INFECTIONS OF THE CEREBELLUM Leptomeningitis The subarachnoid space over the cerebellum and brainstem is a conduit for rapid spread of bacterial infection, similar to the brain convexities (Fig. 8.8A), but certain infections, such as tuberculosis, tend to involve the posterior fossa structures more than the cerebral hemispheres (Fig. 8.8H). In purulent meningitis of recent onset, such as in the case of Streptococcus pneumoniae infection illustrated in Figure 8.8A–D, the inflammatory exudate appears confined to the subarachnoid space, and sections reveal abundant polymorphonuclear leukocytes (Fig. 8.8C). The cerebrospinal fluid of this patient, who died within 24 hours of diagnosis and initiation of therapy, contained protein of 364 mg/100 mL, glucose of 28 mg/100 mL, and 7800 white cells/mL. After centrifugation of the cerebrospinal fluid, a Gram stain showed polymorphonuclear leukocytes and encapsulated extracellular "cocci-in-pairs" (Fig. 8.8D). The introduction of polyvalent pneumococcal conjugate vaccine has brought about a remarkable decline in the incidence of invasive pneumococcal disease, including leptomeningitis, especially in children (Moore et al., 2015). A similar positive trend is true for vaccination against Haemophilus influenzae and Neisseria meningitidis. Fungal infections of the central nervous system, especially by Cryptococcus neoformans, were very common during the epidemic of acquired immunodeficiency syndrome (AIDS) due to infection by the human immunodeficiency virus (HIV). Before AIDS/HIV, steroid use for a number of indications was the usual reason for immunosuppression. In the illustrated case of Aspergillus sp. leptomeningitis (Fig. 8.8E–G), the 65-year-old patient received high doses of dexamethasone to control brain

edema due to metastatic tumors. The diagnosis of leptomeningitis was not made during life. Antiviral therapy of AIDS/HIV has brought about a decline of death rates from 8.3/100,000 in 1990 to 1.1/100,000 in 2014 (National Center for Health Statistics, 2016), and autopsies showing fungal meningitis have become much rarer. The danger of steroids, however, was recently highlighted by cases of leptomeningeal and parameningeal fungal infections following local injections of contaminated methylprednisolone solutions (Centers for Disease Control and Prevention, 2012). The classic monograph by Fetter et al. (1967) remains a valuable resource for the tissue diagnosis of fungal infections in the brain. Incidence and prevalence of tuberculosis have also declined, and fatal tuberculous meningitis is now rare. The specimen illustrated in Figure 8.8H–J derived from a 37-year-old woman who died from the mass effects of a thalamic tuberculoma that was not diagnosed during life. At autopsy, the patient also had tuberculous meningitis over the base of the brain and cerebellum (Fig. 8.8H). Sections showed granulomatous inflammation with multinucleated Langhans giant cells (Fig. 8.8I) and scattered acid-fast bacilli (Fig. 8.8J).

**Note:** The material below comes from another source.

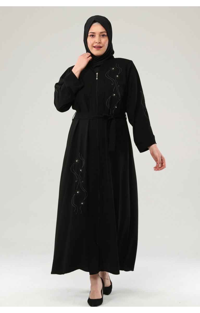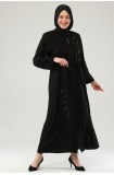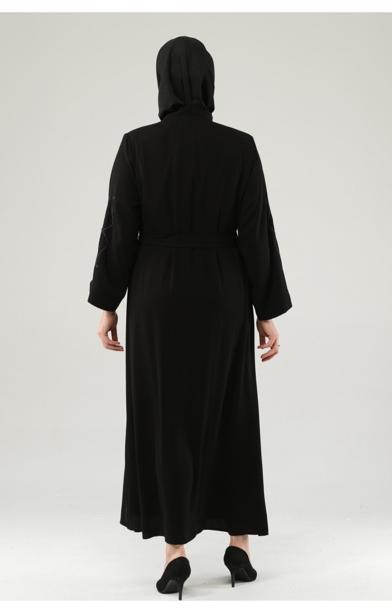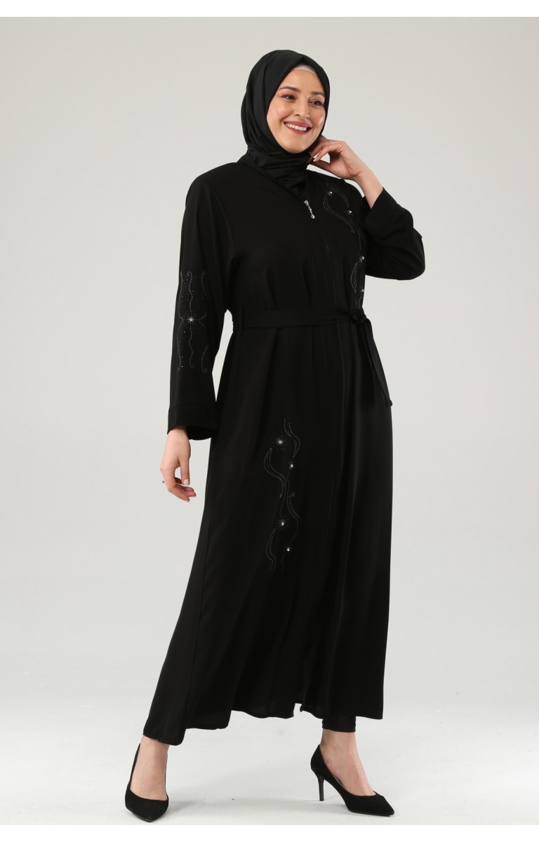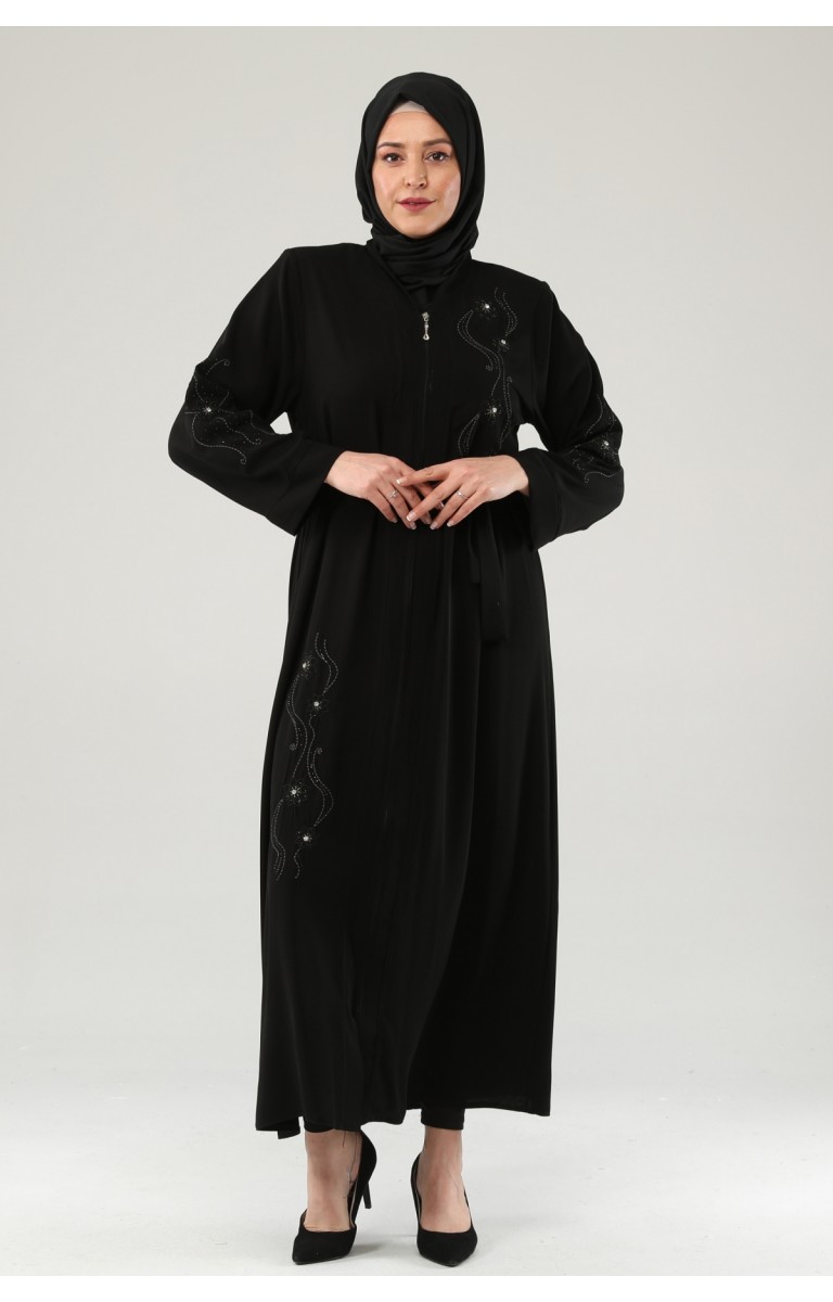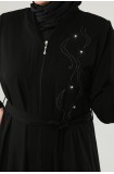 NAKIŞLI TAŞLI FERMUARLI FERACE - SİYAH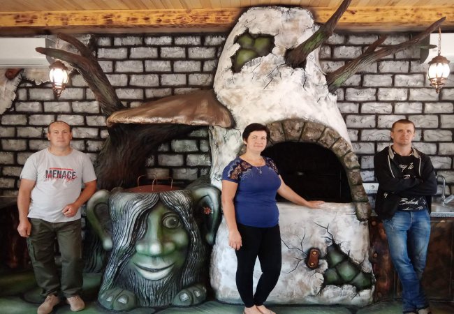 Там дуже велика територія: доріжки, скульптури, гойдалки, екологічні стежки, розсадники. Й практично працювали на кожному об’єкті, все робили у лісовій тематиці, замовники в цьому нам повністю довірилися. Також провели реставрацію двох льохів, зробивши із них містичні дракона та дядька-дуба. Облаштували і паспорт лісництва, в’їзну вивіску», – оповідає Галина Гречко.

Infections of the cerebellar parenchyma Immunosuppression by steroids, chemotherapeutic agents, anti-inflammatory antibodies, and AIDS/HIV has caused a spectrum of opportunistic infections of the cerebellum. Figure 8.9A–J illustrates cerebellar toxoplasmosis (Fig. 8.9A–C), cytomegalovirus infection (Fig. 8.9D–G), and progressive multifocal leukoencephalopathy (PML) (Fig. 8.9H–J). The introduction of highly active antiretroviral therapy (HAART) has caused a remarkable decline in incidence and prevalence of Toxoplasma gondii brain infection in patients with HIV/AIDS (Antinori et al., 2004; Riveiro-Barciela et al., 2013; Hernandez et al., 2017), but the benefit also relates to the prompt therapy with specific anti-Toxoplasma drugs (Hernandez et al., 2017). Similarly, the incidence of cytomegalovirus and other herpetic infections declined after the introduction of HAART for the control of AIDS/HIV (Schwarcz et al., 2013). PML lesions due to JC virus infection of the cerebellum are generally small and nonconfluent and may not cause ataxia or dysmetria. When present, their histopathology does not differ substantially from the foci of demyelination in the subcortical white matter of the cerebral hemispheres (Fig. 8.9H–J). The prognosis of AIDS/ HIV-related PML has improved with the introduction of HAART (Bowen et al., 2016), though a new concern, immune reconstitution inflammatory syndrome, has arisen (Vendrely et al., 2005; Bauer et al., 2015).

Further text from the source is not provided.